Orion pressure vessel moved to test stand at KSC
The Orion spacecraft scheduled to fly around the Moon in 2018 was moved to a test stand to assess the structural integrity of the vehicle’s underlying structure—the pressure vessel.
The Exploration Mission-1 (EM-1) Orion was moved to the stand inside the Neil Armstrong Operations and Checkout Building on April 21 at NASA’s Kennedy Space Center in Florida.
Teams at Lockheed Martin and NASA will evaluate the structural integrity of the pressure vessel. It is an important milestone on the path toward preparing the spacecraft for launch atop the space agency’s Space Launch System (SLS) super-heavy-lift rocket in 2018.
EM-1 will be the first launch of an SLS and the second for the Orion spacecraft (the first was Exploration Flight Test 1 in December 2014).
If everything goes as planned, SLS will place the uncrewed capsule on a seven-day circumlunar trajectory and will test the fully integrated SLS-Orion system as well as validate the thermal protection system of the vehicle as it re-enters Earth’s atmosphere at speeds reaching an estimated 7 miles (11 kilometers) per second.
Throughout the United States and across the ocean, work is being done to prepare for this long-anticipated first flight of the SLS. Recently, at NASA’s Glenn Research Center’s Plum Brook Station in Ohio, engineers began testing a structural representation of the spacecraft’s service module with sound pressure and vibration.

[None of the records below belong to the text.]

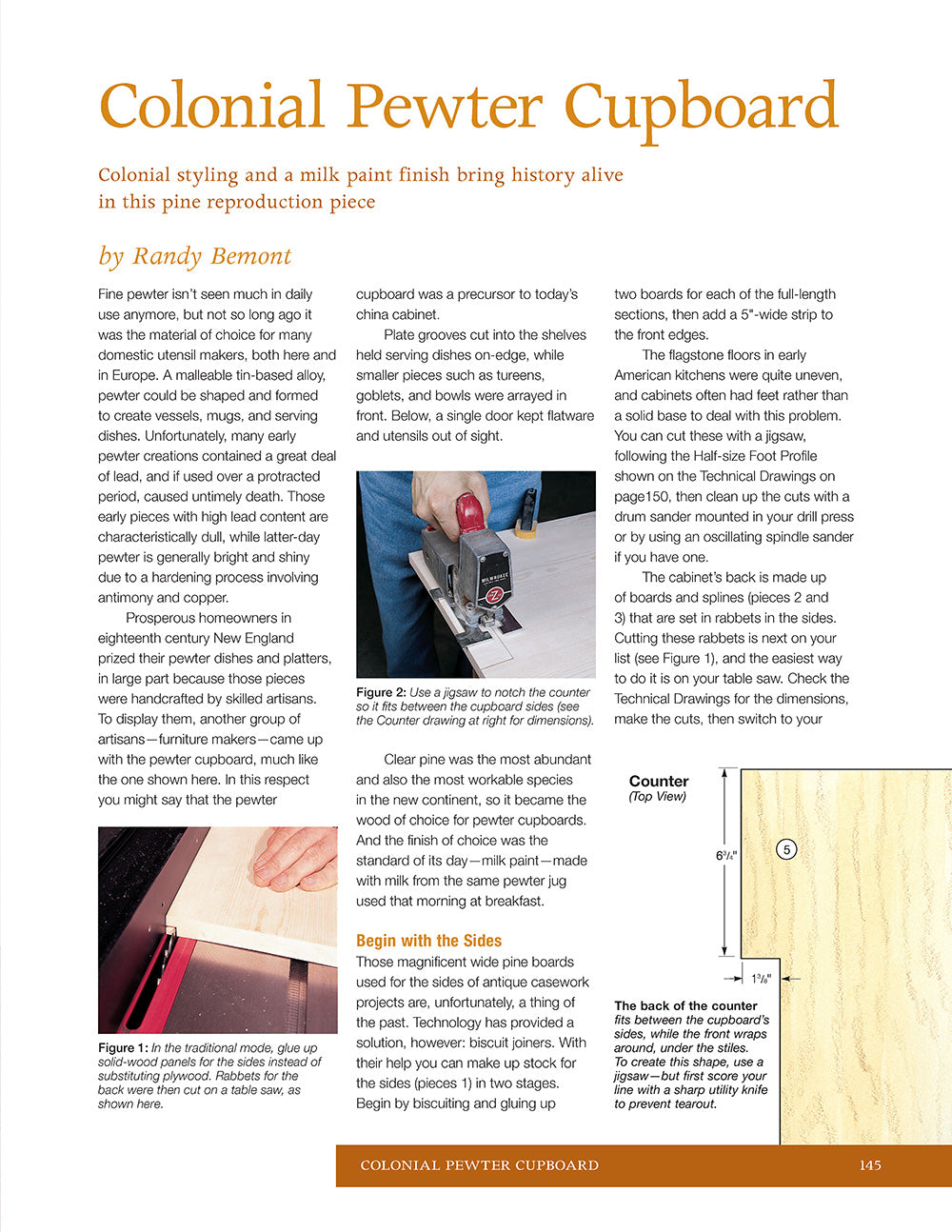 Build a handsome heirloom to be cherished for years to come with 21 projects hand-picked from the editors of Woodworker's Journal. Perfect for adding your carved and scrolled signature touches, the projects include a baker's shelf, Shaker vanity mirror, cherry gun cabinet, Colonial pewter cupboard, and much more.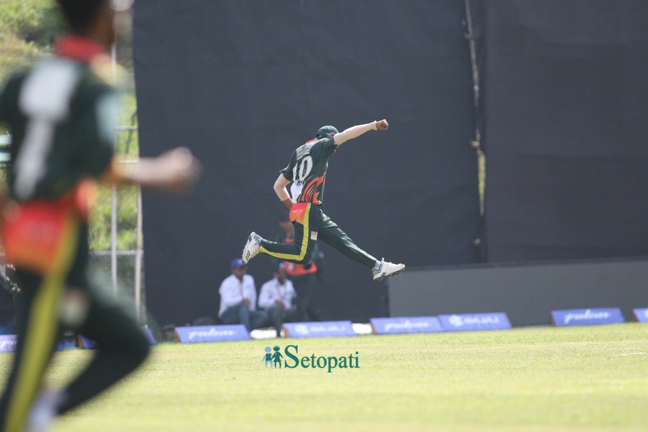 चितवनका कमल सिंह ऐरीले ४ विकेट लिए। यस्तै करिम जनत र सेकुग्गे प्रसन्नले २/२ विकेट लिए। सोमपाल कामी र सागर ढकालले १/१ विकेट लिए।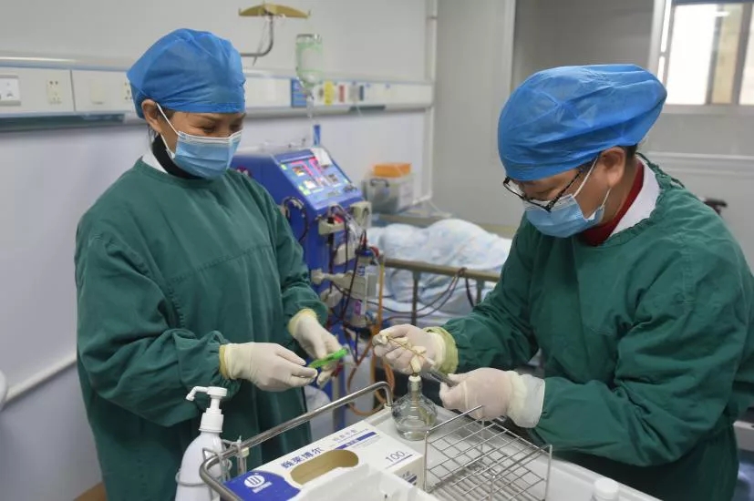 院感科韦玲科长与肾内科覃勋主任现场调查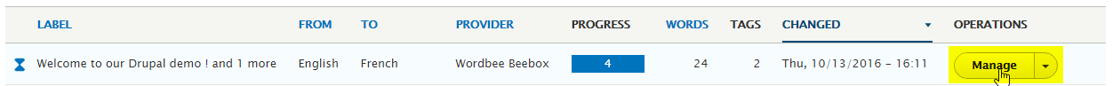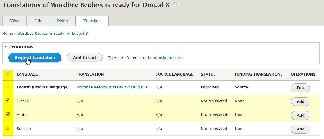Add to cart : Add the elements to a cart. Then, you can easily select content from different sources / pages. Please refer to the Cart section of this documentation for more information. - Select Wordbee Beebox (or the name of your Beebox configuration) as a translation provider, the target language you want and Submit to provider.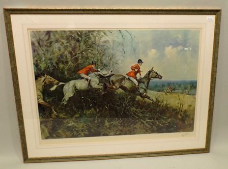 Members of The Hunt in full cry jumping scrub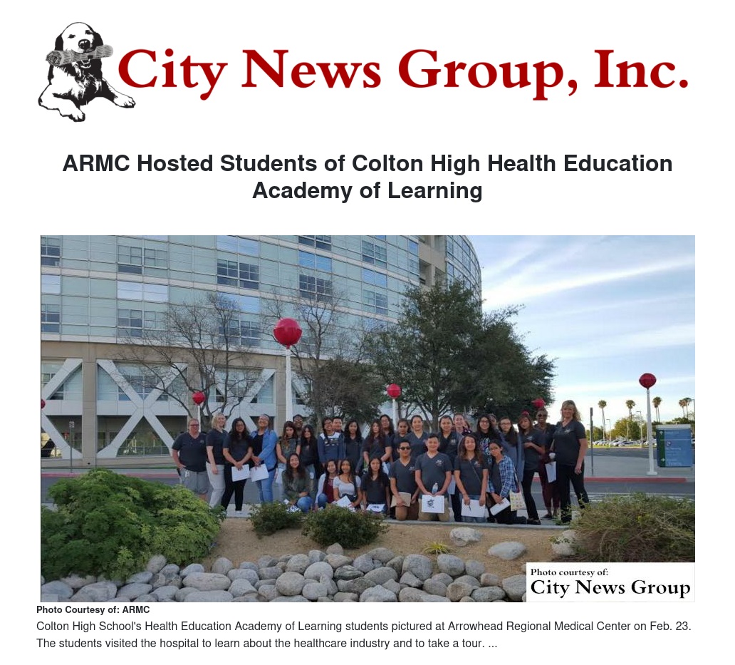 ARMC Hosted Students of Colton High Health Education Academy of Learning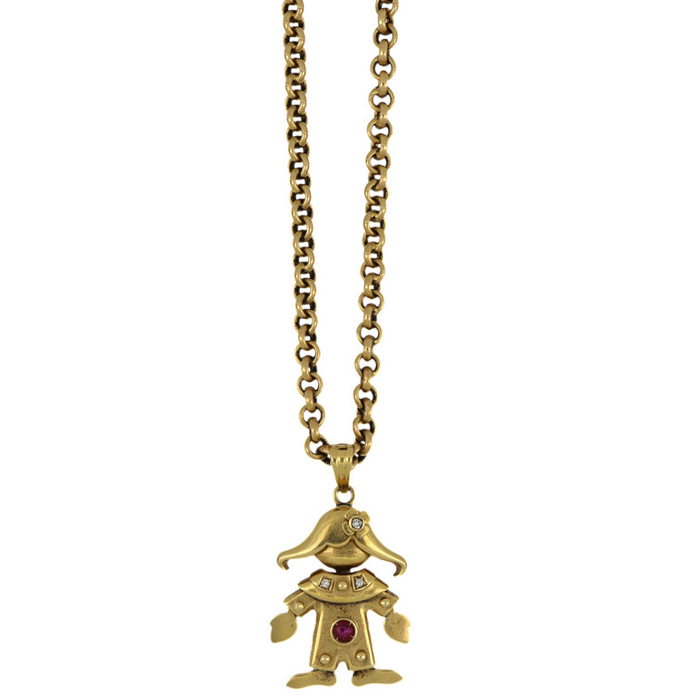Damiani ciondolo in oro giallo con piccolo rubino e brillantini a forma di bimba.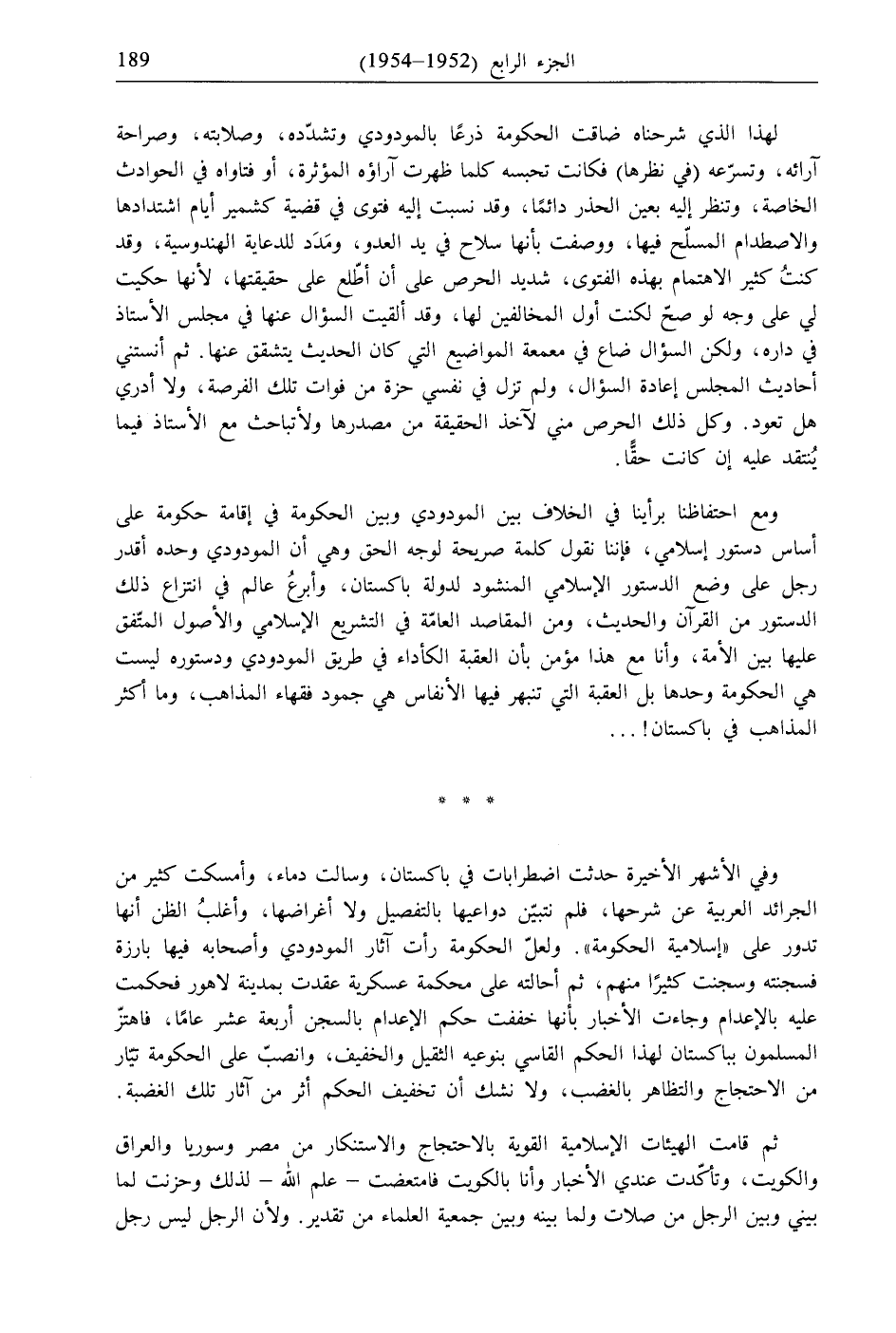 لهذا الذي شرحناه ضاقت الحكومة ذرعًا بالمودودي وتشدّده، وصلابته، وصراحة آرائه، وتسرّعه (في نظرها) فكانت تحبسه كلما ظهرت آراؤه المؤثرة، أو فتاواه في الحوادث الخاصة، وتنظر إليه بعين الحذر دائمًا، وقد نسبت إليه فتوى في قضية كشمير أيام اشتدادها والاصطدام المسلّح فيها، ووصفت بأنها سلاح في يد العدو، ومَدَد للدعاية الهندوسية، وقد كنتُ كثير الاهتمام بهذه الفتوى، شديد الحرص على أن أطّلع على حقيقتها، لأنها حكيت لي على وجه لو صحّ لكنت أول المخالفين لها، وقد ألقيت السؤال عنها في مجلس الأستاذ في داره، ولكن السؤال ضاع في معمعة المواضيع التي كان الحديث يتشقق عنها. ثم أنستني أحاديث المجلس إعادة السؤال، ولم تزل في نفسي حزة من فوات تلك الفرصة، ولا أدري هل تعود. وكل ذلك الحرص مني لآخذ الحقيقة من مصدرها ولأتباحث مع الأستاذ فيما يُنتقد عليه إن كانت حقًّا.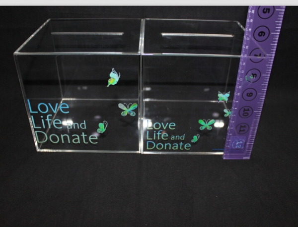 亞克力制品是最新代替玻璃制品的新型環保材料。相對玻璃笨重和不好塑性,亞克力就不一樣了,亞克力制品,可塑性強,可加工成多種款式,易著色,產品樣式豐富多彩,亞克力材質的比玻璃更加的輕便耐壓性強,即使摔在地方也并沒有那么容易碎掉。 就拿亞克力投票箱來說,亞克力投票箱由一級進口亞克力板材制作,材質晶瑩透亮,采用平板加工,折彎,粘合等工藝制作而成,給人眼前一亮,用在大場合絕對的有檔次。無論擺放在哪里都會展現其原有的光彩,另外側面印上企業的LOGO,可以用做促銷禮品。 亞克力俗稱有機玻璃,是一種聚酯高分子有機物,由于其突出穩定的性能被加工成好多生活中的產品,由于其高透性,比玻璃透明性強幾倍,所以制作的產品很美觀,易于加工,可塑性非常強,可以制作成很多新穎的造型,滿足不同消費者的需求,受眾面更廣,硬度高,耐磨耐腐蝕,可以長時間使用,不怕風吹日曬,所以使用很廣泛,不管在室內還是室外都可以使用,而且由于其一般環境下性能很穩定,不會發生任何改變,可以使用很長時間,長時間使用外觀效果還是跟新的一樣,所以用亞克力材質的捐款箱是很好的。
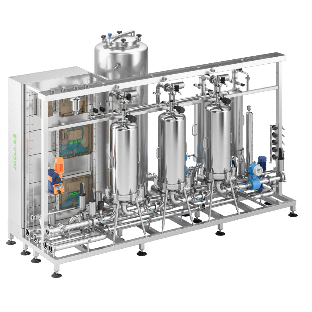 Oggi le linee d’imbottigliamento richiedono la completa automazione della microfiltrazione finale, considerata un processo-speciale, il controllo sui valori in ossigeno per mantenere la freschezza dei vini nel tempo e il rispetto del tenore finale di anidride carbonica per i concomitanti aspetti sensoriali e normativi. Questi tre aspetti possono essere gestiti attraverso due impianti: Sofos® e Mastermind® Remove Plus di Ju.Cla.S., dinamica azienda del VASONGROUP che progetta e realizza macchinari innovativi per il settore enologico e alimentare. Questi impianti automatici dialogano con la riempitrice a formare un unicum operativo: attraverso un display touch screen è possibile impostare una “ricetta” unica, mirata sul prodotto da imbottigliare per garantirne la stabilità microbiologica e il tenore di O2 e CO2 desiderati. Gli impianti possono essere isobarici e contribuiscono al risparmio energetico e di risorse.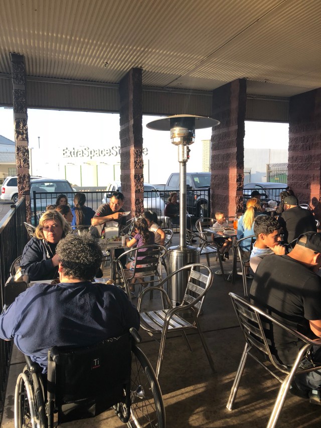 We thought maybe since it was fairly early on a Sunday it might not be as crowded as usual. Ha! It was probably as crowded, if not more so than usual. We did find a table outside and I ordered for all of us while Yvonne got lots of little containers of salsa and Jennifer laid claim to the table. Notice it is all Mexican nationals except for us. That is the usual way it is. They have a pretty good system and get the food out quickly, however.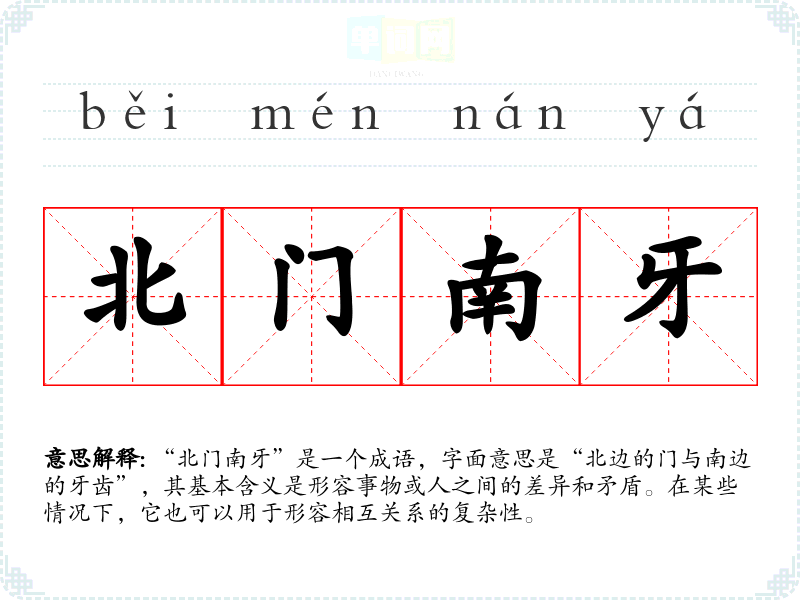 “北门南牙”是一个成语,字面意思是“北边的门与南边的牙齿”,其基本含义是形容事物或人之间的差异和矛盾。在某些情况下,它也可以用于形容相互关系的复杂性。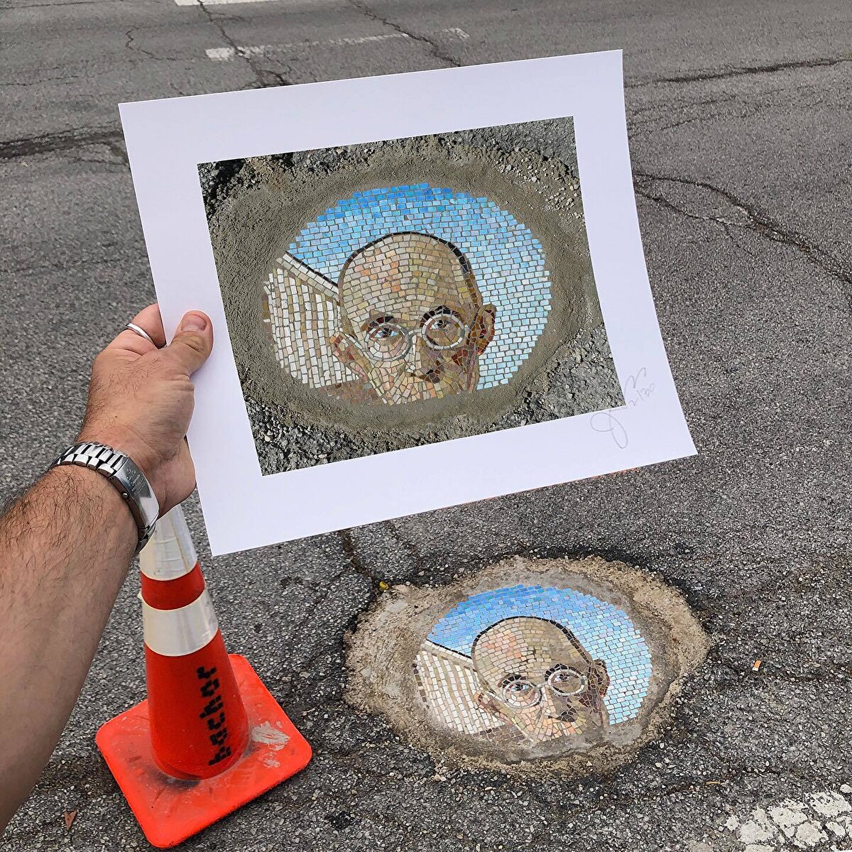 1964 doğumlu bir sokak ve mozaik sanatçısı olan Jim Bachor, ilk olarak New York sokaklarını böcek ve fare mozaikleri ile süslemesiyle tanınmış ve kendisini dünyaya duyurmuştu. Son zamanlarda ise Şikago sokaklarında bulunan çukurları ünlü tabloların mozaikleri ile doldurduğu serisiyle konuşuluyor. “Master Pieces" isimli bu serisi için her şeyin yan yana gelmekle ilgili olduğunu söyleyen Bachor, çukurları bir kusur olarak görmenin ötesinde onları doldurarak üzerlerini mozaik sanatıyla örtüyor. Böylece kusurlu olduğu düşünülen çukurlar ile hayranlık uyandıran sanat eserleri bir araya geliyor.

Additionally, at Langley Research Center in Hampton, Virginia, engineers prepared a representation of Orion for a series of water-impact tests to evaluate crew safety after returning to Earth. The spacecraft is expected to splashdown in the Pacific Ocean off the coast of California after the EM-1 flight as well as future additional flights with crew aboard.
Finally, the flight-ready Orion service module, which is being developed by the European Space Agency, was delivered by Thales Alenia Space to Airbus Defence and Space in Bremen, Germany. Elements of the module will be integrated together there before being shipped to Florida to be assembled with the rest of the spacecraft. This is expected to take place sometime early next year.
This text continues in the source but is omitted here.